Прежде чем он поворачивается, чтобы уйти, я хватаю его за плечо, удерживая на месте.
— Что он сделал?
Медленно поднимая взгляд, он моргает. И на мгновение кажется, что незрелый Дарио исчезает.
— Чего он не сделал? — сухо рассмеялся он. — Прислушайся к предупреждению. Когда Циско чего-то хочет, он это получает. Ему все равно, кто пострадает в процессе, — говорит он и вдруг снова становится беззаботным, одаривая меня насмешливой ухмылкой, когда направляется к двери.
Я стою вдалеке, наблюдая, как Джианна выходит из машины, а ее телохранитель следует за ней. Прямо перед входом в магазин она встречается с другой девушкой, кажется, ее возраста. Они обе хихикают, обнимая друг друга, и ждут, пока консьерж откроет им дверь.
Впервые за много лет я одет в костюм, пытаясь продемонстрировать респектабельность, поскольку, несомненно, я буду осмотрен с ног до головы, как только войду в модный магазин.
Сдвинув очки повыше, чтобы скрыть хотя бы половину той чудовищности, которая скрывается под ними, я иду следом.
Человек, отвечающий за дверь, бросает на меня странный взгляд, но широко распахивает ее передо мной. Весь выставочный зал заполнен прозрачными стеклянными витринами, в которых хранятся невероятно дорогие украшения.
Единственные, которые Джианна могла бы носить.
Я держусь на расстоянии, делая вид, что изучаю некоторые модели, стараясь не обращать внимание на назойливого продавца-консультанта, который следует за мной как тень.
Как и в прошлый раз, когда я ее видел, Джианна выглядит совершенно потрясающе в желтом сарафане, ее кремовые плечи обнажены и привлекают всеобщее внимание к жемчужно-белой коже. И когда она обращает свою сияющую улыбку к продавцу-консультанту, я понимаю, что в ее присутствии любой бы превратился в истекающего слюнями дурачка.
Но, черт, она прекрасна.
Если бы я не знал, какая она мерзкая, я бы, возможно, больше наслаждался своим заданием. А так я могу только сожалеть, что такое совершенное лицо потрачено впустую на дерьмовое человеческое существо.
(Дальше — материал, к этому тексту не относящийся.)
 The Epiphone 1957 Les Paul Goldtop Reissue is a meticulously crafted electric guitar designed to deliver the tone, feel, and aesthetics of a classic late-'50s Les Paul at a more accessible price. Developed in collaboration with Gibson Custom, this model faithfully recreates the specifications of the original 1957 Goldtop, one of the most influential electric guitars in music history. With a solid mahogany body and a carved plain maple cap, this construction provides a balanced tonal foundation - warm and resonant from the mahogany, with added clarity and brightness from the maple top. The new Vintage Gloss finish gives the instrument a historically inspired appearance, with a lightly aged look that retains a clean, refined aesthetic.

Словно похотливый старик, позволяю своим глазам блуждать по ее щедрым изгибам, по глубокому декольте платья, которое подчеркивает вздымающиеся груди при каждом вздохе.
Ей уже восемнадцать.
Мне приходится повторять про себя эту информацию, хотя она нисколько не уменьшает отвращения, которое я испытываю к самому себе за то, что меня так тянет к ней.
И как раз в тот момент, когда я не скрываю, что рассматриваю ее, она слегка поворачивается, поднимает голову, и ее глаза встречаются с моими. Невозможно не заметить презрения, которое сменило былое дружелюбие. Ее верхняя губа кривится в усмешке, хмурый взгляд овладевает ее чертами, а ее красота затмевается насмешливой снисходительностью.
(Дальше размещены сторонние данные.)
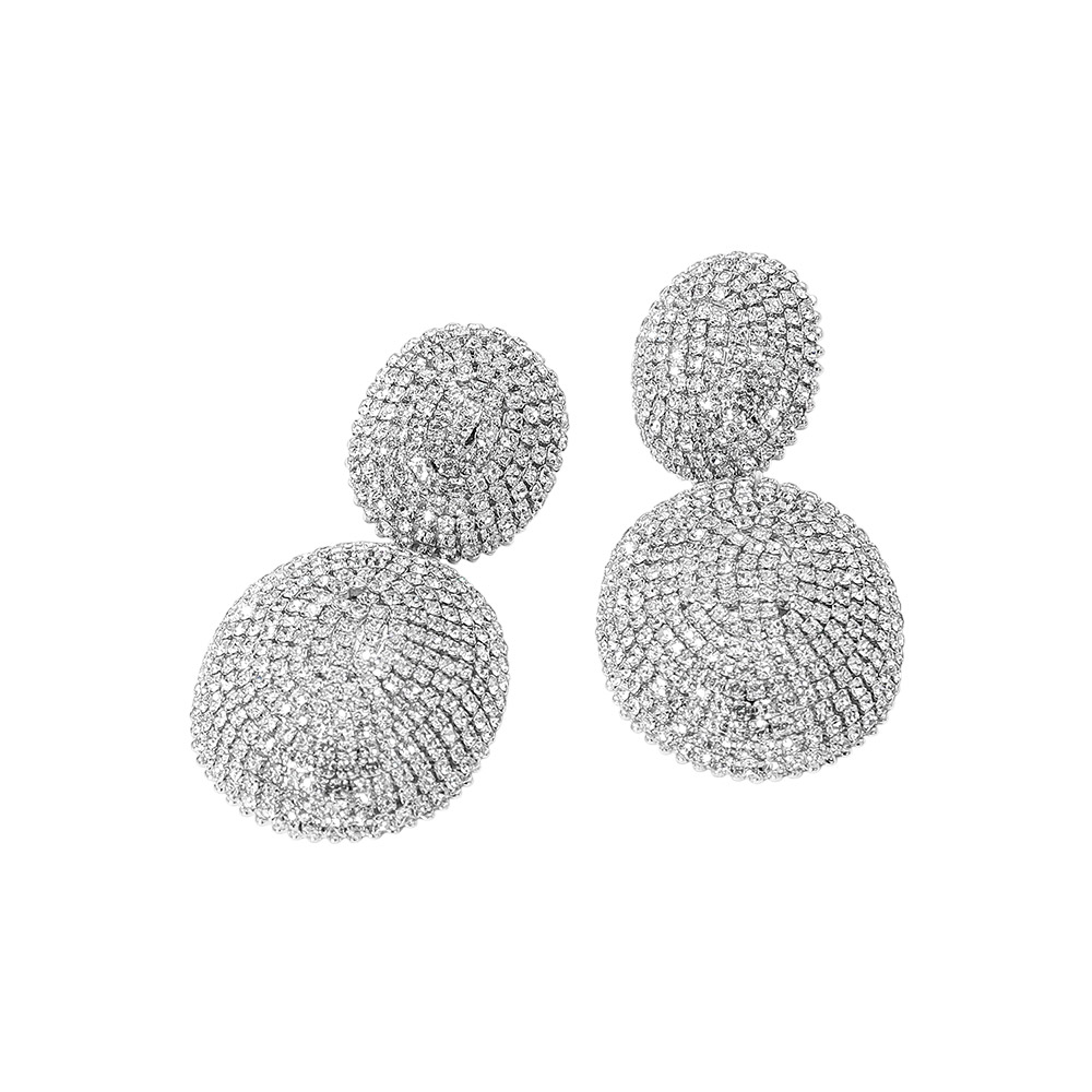 • Statement pavĂ© dome drop earrings designed with a layered rounded silhouette that delivers bold shine and eye-catching dimension. This elevated style adds instant glamour to evening looks, special events, and boutique collections, offering timeless appeal with a modern statement finish.

Джианна смотрит на меня не дольше минуты, прежде чем с раздражением отворачивается и снова обращает свое внимание на продавца-консультанта.
И она так же сука.
Напоминание об этом — как холодный душ, и, взглянув на часы, я замечаю, что до столкновения осталось всего несколько минут.
Увлеченная разговором, Джианна поворачивается так, что ее спина оказывается в поле моего зрения. Сознательно или нет, но я чувствую потребность раззадорить ее. И когда я подхожу ближе, я замечаю, как напрягаются ее плечи, вероятно, осознавая, что я нахожусь всего в нескольких шагах позади нее.
Ее руки сжаты в кулаки, и когда ее подруга задает вопрос, ей требуется мгновение, чтобы ответить.
Я ей отвратителен.
Даже в очках на моем лице все равно виден шрам — белая линия, тянущаяся через всю щеку. Мой вид, вероятно, оскорбляет ее нежные чувства, привыкшие к роскоши и красивым, никчемным мальчикам, которые, скорее всего, трахаются так, как и делают все остальное — с энтузиазмом ленивца.
— Что-что прости? — Джианна просит подругу повторить свой вопрос.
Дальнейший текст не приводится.